== Segment start ==
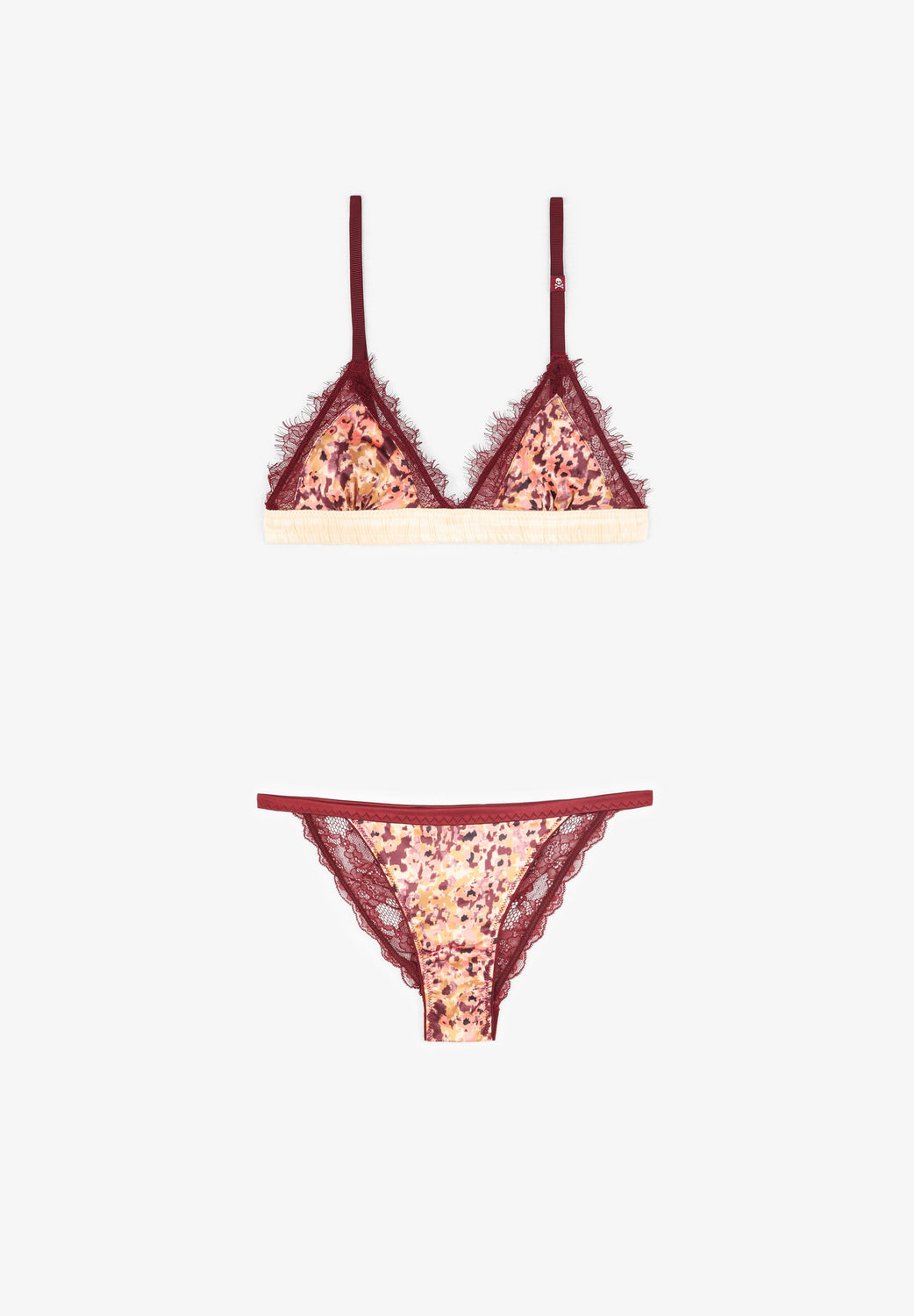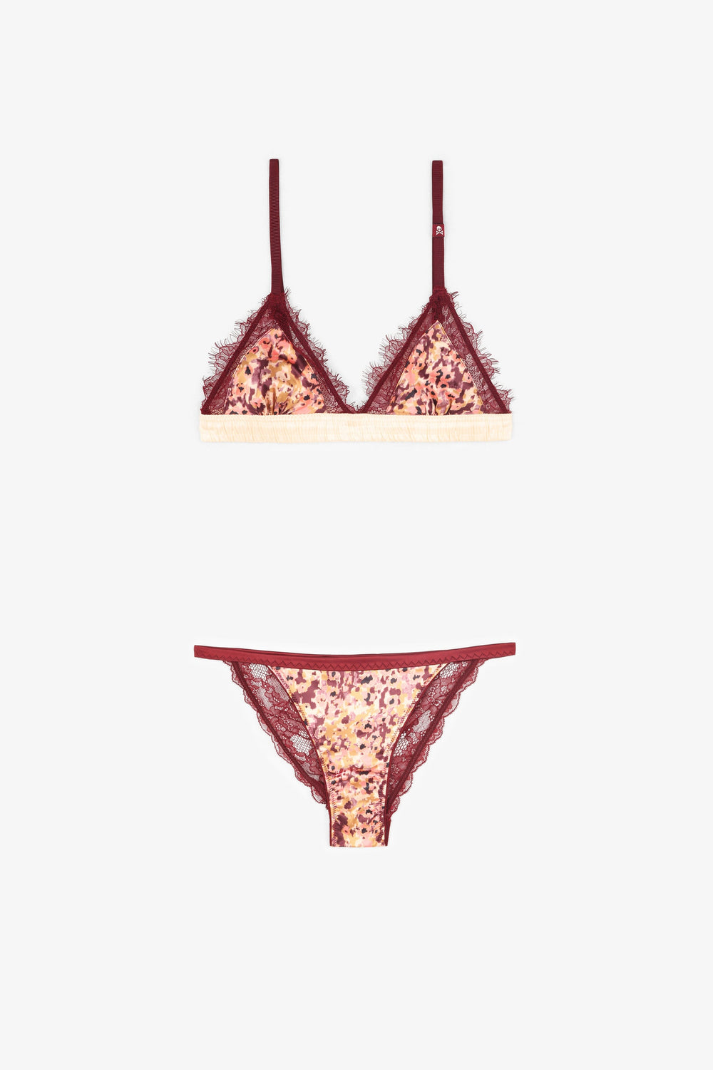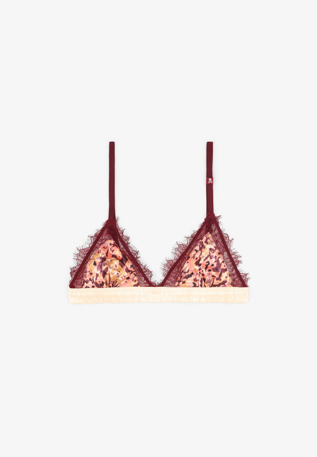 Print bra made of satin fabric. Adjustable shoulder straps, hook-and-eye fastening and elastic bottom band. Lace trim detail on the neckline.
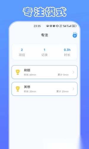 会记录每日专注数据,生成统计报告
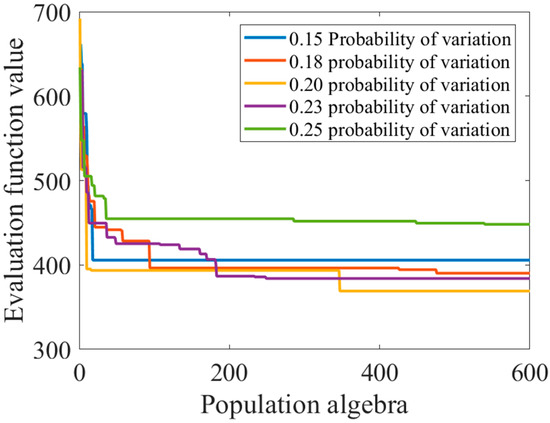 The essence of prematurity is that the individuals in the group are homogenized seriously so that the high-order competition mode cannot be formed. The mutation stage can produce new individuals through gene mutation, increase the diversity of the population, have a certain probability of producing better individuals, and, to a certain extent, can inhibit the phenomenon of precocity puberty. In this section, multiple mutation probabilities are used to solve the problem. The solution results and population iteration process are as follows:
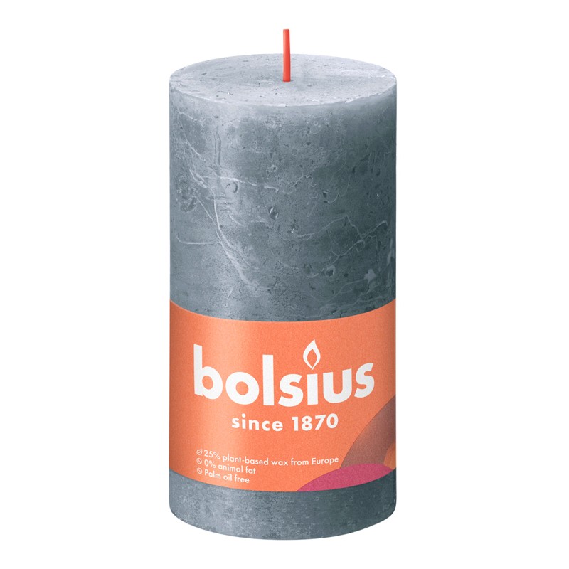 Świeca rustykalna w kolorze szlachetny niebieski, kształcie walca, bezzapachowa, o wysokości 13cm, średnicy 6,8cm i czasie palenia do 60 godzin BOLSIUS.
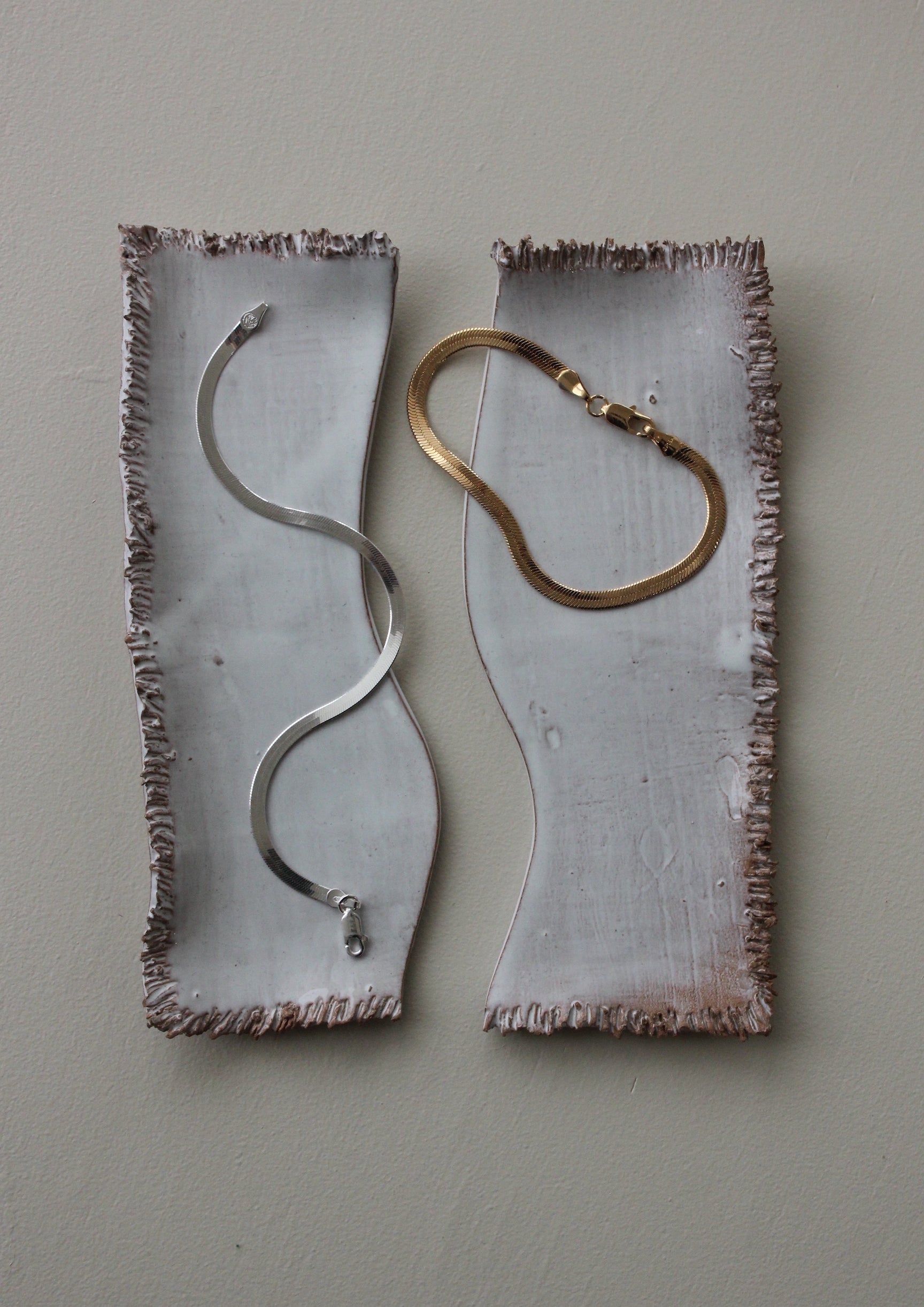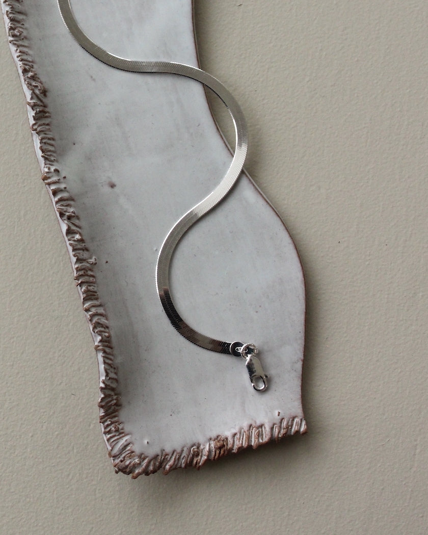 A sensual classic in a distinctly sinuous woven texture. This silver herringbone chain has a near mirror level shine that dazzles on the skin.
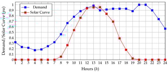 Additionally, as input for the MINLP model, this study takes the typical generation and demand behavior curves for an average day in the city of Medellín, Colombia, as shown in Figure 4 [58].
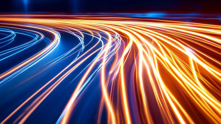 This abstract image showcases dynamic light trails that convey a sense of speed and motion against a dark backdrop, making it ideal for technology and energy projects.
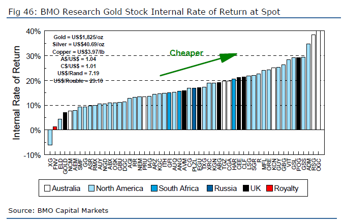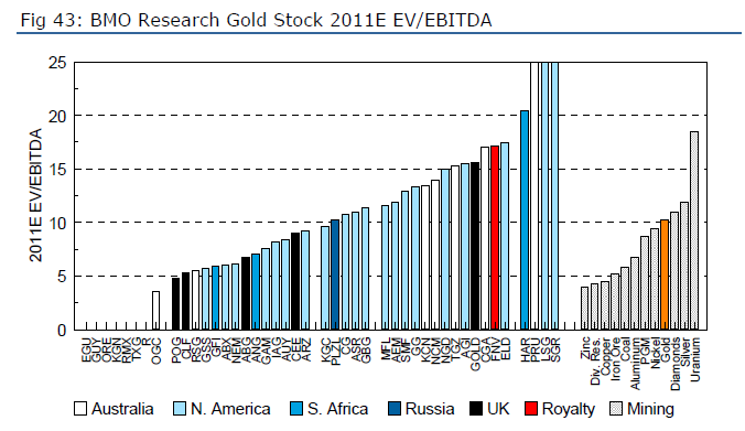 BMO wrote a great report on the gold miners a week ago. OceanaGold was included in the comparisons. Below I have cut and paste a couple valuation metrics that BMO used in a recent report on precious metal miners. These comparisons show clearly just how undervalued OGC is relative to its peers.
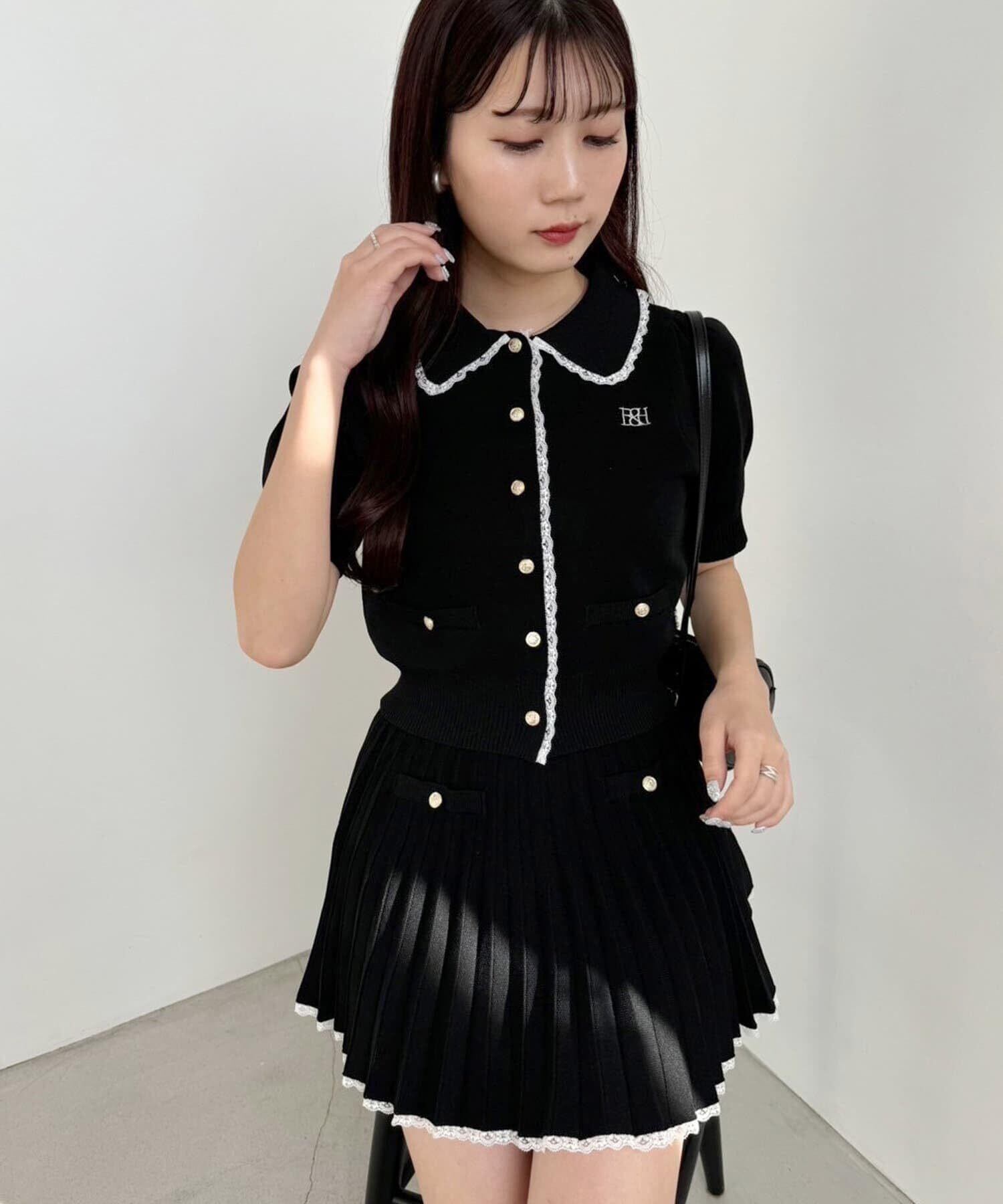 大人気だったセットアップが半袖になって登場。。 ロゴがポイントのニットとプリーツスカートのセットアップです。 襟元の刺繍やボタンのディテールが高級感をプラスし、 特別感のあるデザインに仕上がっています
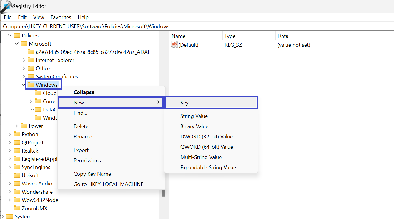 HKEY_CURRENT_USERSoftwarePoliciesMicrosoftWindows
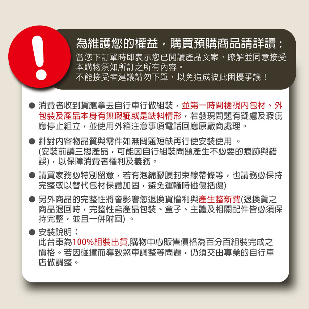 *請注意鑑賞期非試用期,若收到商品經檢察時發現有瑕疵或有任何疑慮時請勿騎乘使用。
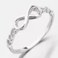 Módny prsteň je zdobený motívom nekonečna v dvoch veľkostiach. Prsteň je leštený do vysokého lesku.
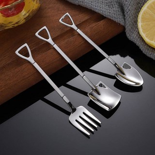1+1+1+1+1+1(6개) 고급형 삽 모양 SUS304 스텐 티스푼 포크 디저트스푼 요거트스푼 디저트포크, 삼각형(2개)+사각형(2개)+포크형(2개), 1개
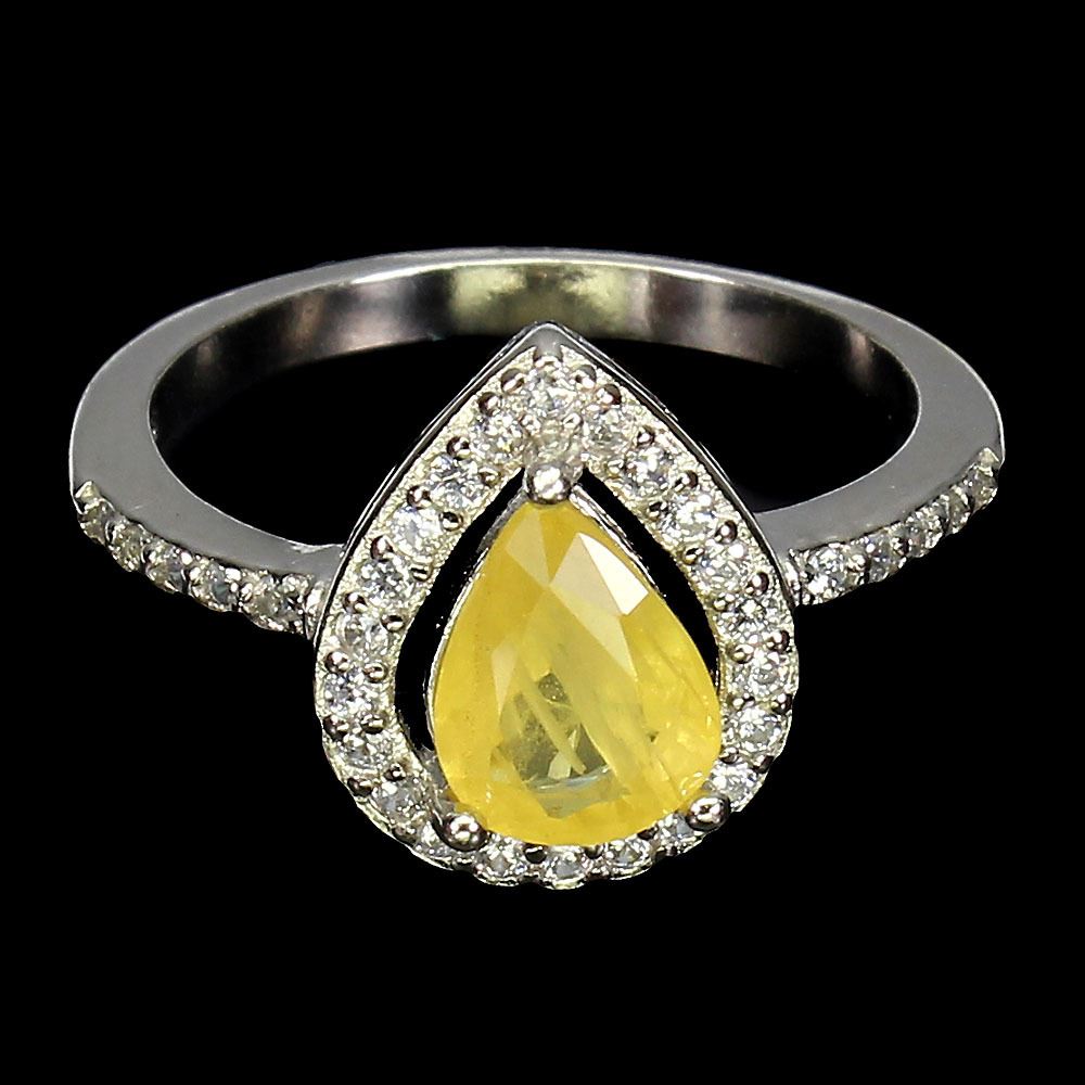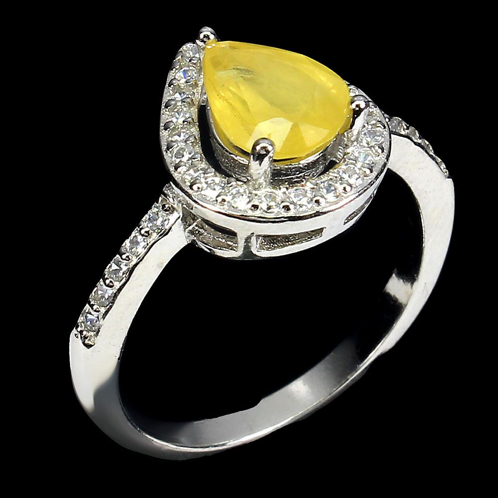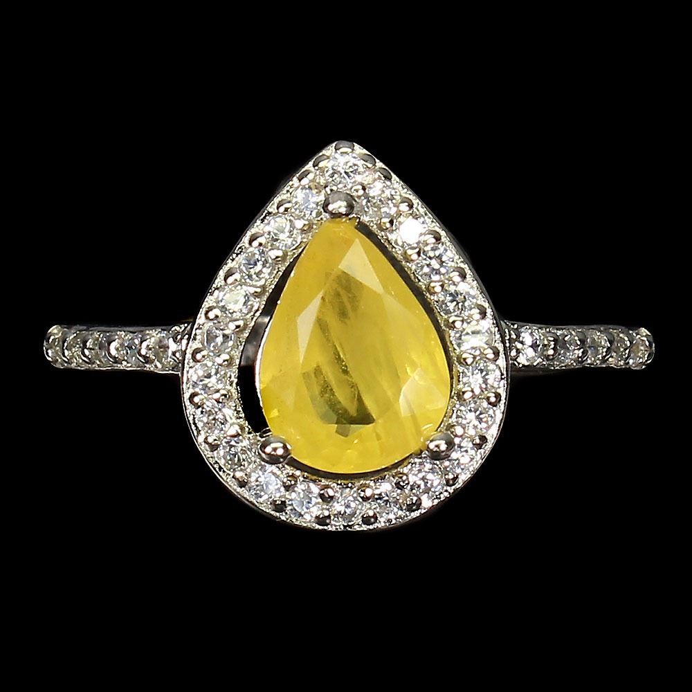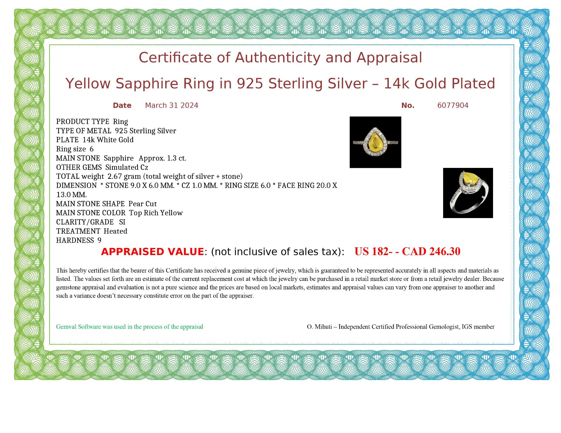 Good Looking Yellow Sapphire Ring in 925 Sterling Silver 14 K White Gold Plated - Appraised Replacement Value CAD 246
== Segment end ==
**TASK STATEMENT:**
Set down every entry above exactly as written, but skip the pictures.

**RESPONSE BOX:**
 Print bra made of satin fabric. Adjustable shoulder straps, hook-and-eye fastening and elastic bottom band. Lace trim detail on the neckline.
 会记录每日专注数据,生成统计报告
 The essence of prematurity is that the individuals in the group are homogenized seriously so that the high-order competition mode cannot be formed. The mutation stage can produce new individuals through gene mutation, increase the diversity of the population, have a certain probability of producing better individuals, and, to a certain extent, can inhibit the phenomenon of precocity puberty. In this section, multiple mutation probabilities are used to solve the problem. The solution results and population iteration process are as follows:
 Świeca rustykalna w kolorze szlachetny niebieski, kształcie walca, bezzapachowa, o wysokości 13cm, średnicy 6,8cm i czasie palenia do 60 godzin BOLSIUS.
 A sensual classic in a distinctly sinuous woven texture. This silver herringbone chain has a near mirror level shine that dazzles on the skin.
 Additionally, as input for the MINLP model, this study takes the typical generation and demand behavior curves for an average day in the city of Medellín, Colombia, as shown in Figure 4 [58].
 This abstract image showcases dynamic light trails that convey a sense of speed and motion against a dark backdrop, making it ideal for technology and energy projects.
 BMO wrote a great report on the gold miners a week ago. OceanaGold was included in the comparisons. Below I have cut and paste a couple valuation metrics that BMO used in a recent report on precious metal miners. These comparisons show clearly just how undervalued OGC is relative to its peers.
 大人気だったセットアップが半袖になって登場。。 ロゴがポイントのニットとプリーツスカートのセットアップです。 襟元の刺繍やボタンのディテールが高級感をプラスし、 特別感のあるデザインに仕上がっています
 HKEY_CURRENT_USERSoftwarePoliciesMicrosoftWindows
 *請注意鑑賞期非試用期,若收到商品經檢察時發現有瑕疵或有任何疑慮時請勿騎乘使用。
 Módny prsteň je zdobený motívom nekonečna v dvoch veľkostiach. Prsteň je leštený do vysokého lesku.
1+1+1+1+1+1(6개) 고급형 삽 모양 SUS304 스텐 티스푼 포크 디저트스푼 요거트스푼 디저트포크, 삼각형(2개)+사각형(2개)+포크형(2개), 1개
 Good Looking Yellow Sapphire Ring in 925 Sterling Silver 14 K White Gold Plated - Appraised Replacement Value CAD 246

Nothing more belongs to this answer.